BACKGROUND & OBJECTIVE: Genomic medicine stands to be revolutionized by understanding single nucleotide variants (SNVs) and their expression in single-gene disorders (Mendelian diseases). Computational tools can play a vital role in the exploration of such variations and their pathogenicity. Consequently, we developed the ensemble prediction tool AllelePred to identify deleterious SNVs and disease causative genes.

RESULTS

The model utilizes different population genetics backgrounds and restricted criteria for features selection to help generate high accuracy results.
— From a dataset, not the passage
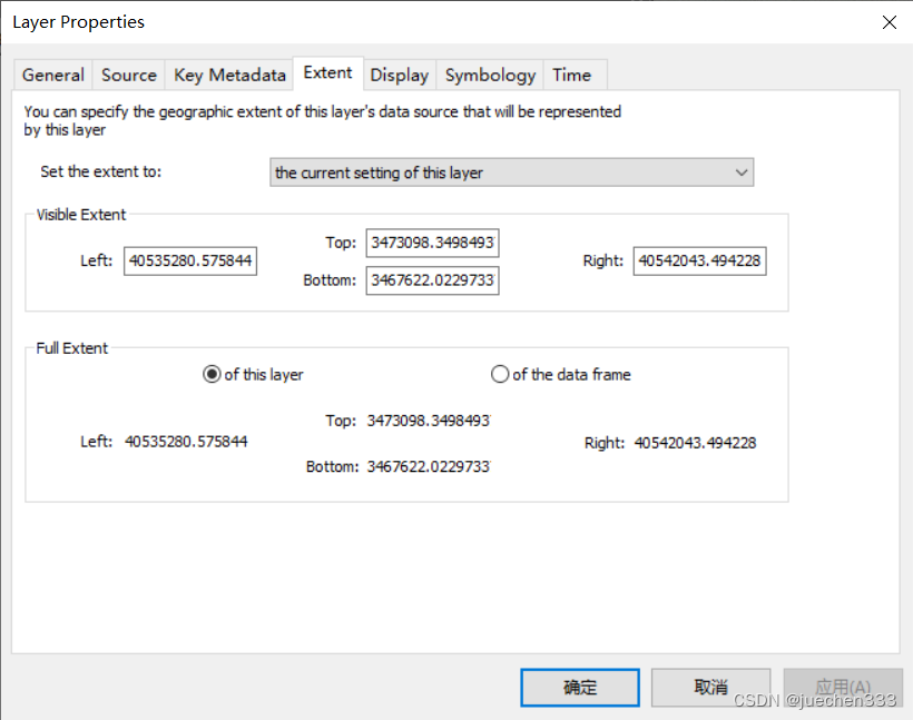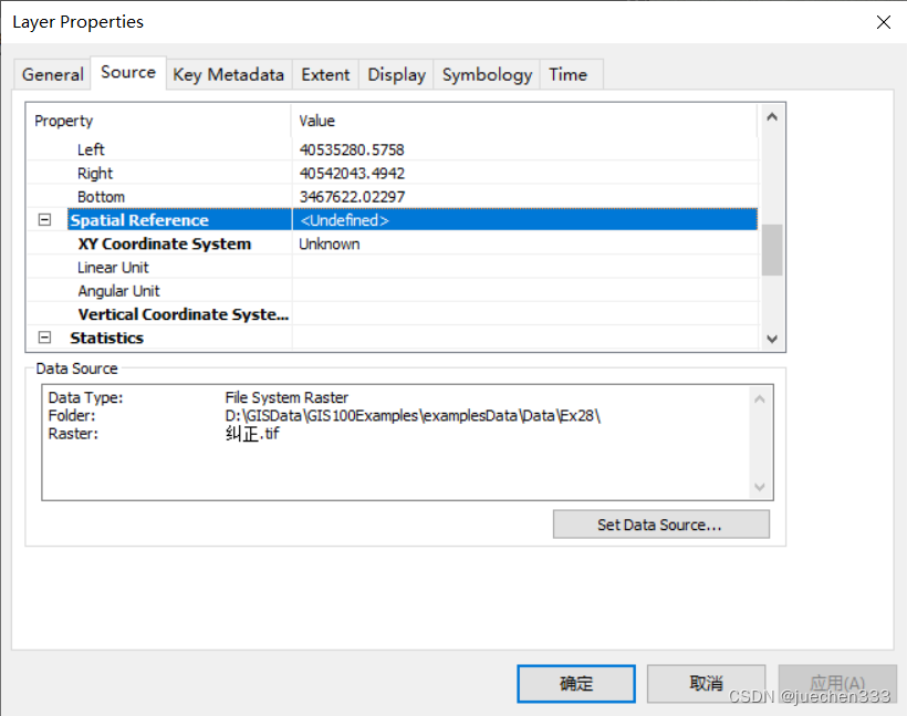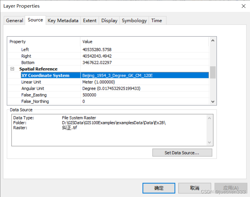 重新打开ArcMap,加载校正后的地形图文件“纠正.tif”,双击“纠正.tif”图层,点击【Extent】可以查看到该图层的坐标范围已校正到高斯坐标系下,点击【Source】可以查看坐标信息,但该数据只是隐式的具有坐标信息,需要进行定义投影后才具有显示坐标信息。打开【Data Management Tools】→【Projections and Transformations】→【Define Projection】对话框,【Input Dataset or Feature Class】设置为“纠正.tif”,点击右侧坐标系按钮,打开【Spatial Reference Properties】对话框;选择【Projected Coordinate Systems】→【Gauss Kruger】→【Beijing 1954】→【Beijing_1954_3_Degree_GK_CM_120E】。点击【OK】,执行定义投影工具,得到定义投影的地形图。

In comparison to other tools, such as Eigen, PROVEAN, and fathmm-MKL our classifier achieves higher accuracy (98%), precision (96%), F1 score (93%), and coverage (100%) for different types of coding variants. The new method was also compared against a bioinformatics analytical workflow, which uses gnomAD overall AFs (less than 1%) and CADD (scaled C-score of at least 15). Furthermore, this research highlights the stature of genetic variant sharing and curation. We accumulated a list of highly probable deleterious variants and recommended further experimental validation before medical diagnostic usage.

CONCLUSIONS

The ensemble prediction tool AllelePred enables increased accuracy in recognizing deleterious SNVs and the genetic determinants in real clinical data.